In 2015, the Fairness Commission protested the Kentucky Farm Bureau’s ham breakfast at the State Fair in Louisville. Members wearing t-shirts enumerating allegedly discriminatory Farm Bureau policies stood up during the breakfast (outside a designated “protest zone”) and refused to leave.

As in Parma, officers arrested the protesters. But in Louisville, prosecutors dropped the charges. As in Parma, the arrested protesters sued. But in Louisville, the trial court held qualified immunity protected the arresting officers.

(But wait, there’s more!) As in Parma, the Sixth Circuit in Hartman v. Thompson took a close look at the Supreme Court’s recent decision in Nieves v. Bartlett (probable cause to arrest (usually?) defeats a claim for First Amendment retaliation claim). But unlike the unanimous Parma decision, Hartman resulted in a fractured decision.

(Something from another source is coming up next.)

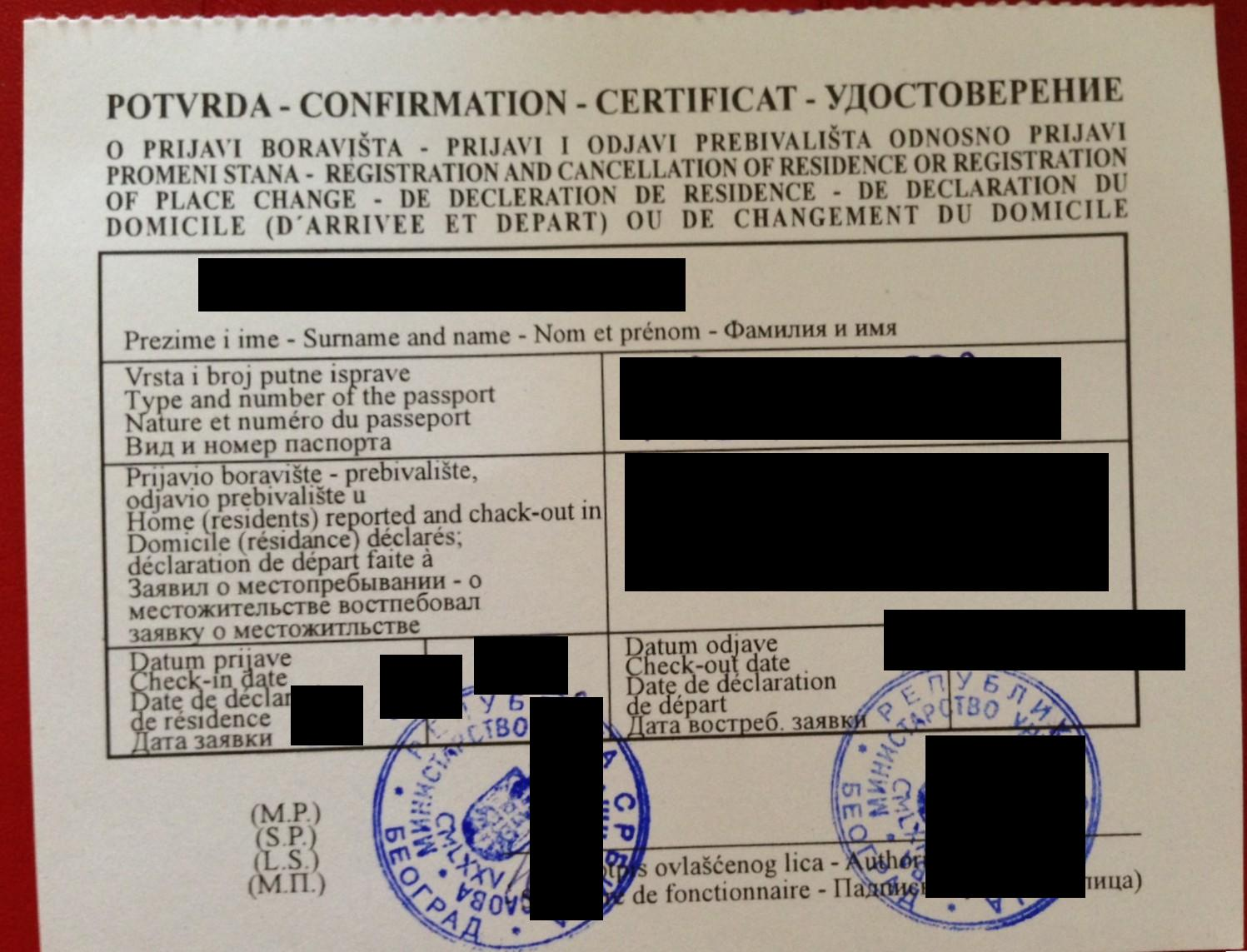 Serbian Ministry of the Interior, Registration and cancellation of residence or registration of place change form

Judge Suhrenreich’s majority opinion affirmed the district court’s judgment on qualified-immunity and merits grounds: probable cause existed to arrest the plaintiffs for disrupting a meeting, so the § 1983 claims failed.

Judge Bush concurred in part: probable cause should take into account “all the facts and circumstances within the officers’ knowledge” to evaluate whether “a man of reasonable caution [would] believe that an offense” had been committed. Because the Fairness Campaign also had stood in protest during the 2014 breakfast, the officers had probable cause in 2015.

Judge Moore, however, dissented: because accounts of the protesters’ arrest varied, genuine issues of material fact precluded summary judgment. She also disagreed that the officers’ restriction of the Fairness Campaigners to a protest zone had properly been deemed a viewpoint-neutral time/place/manner restriction.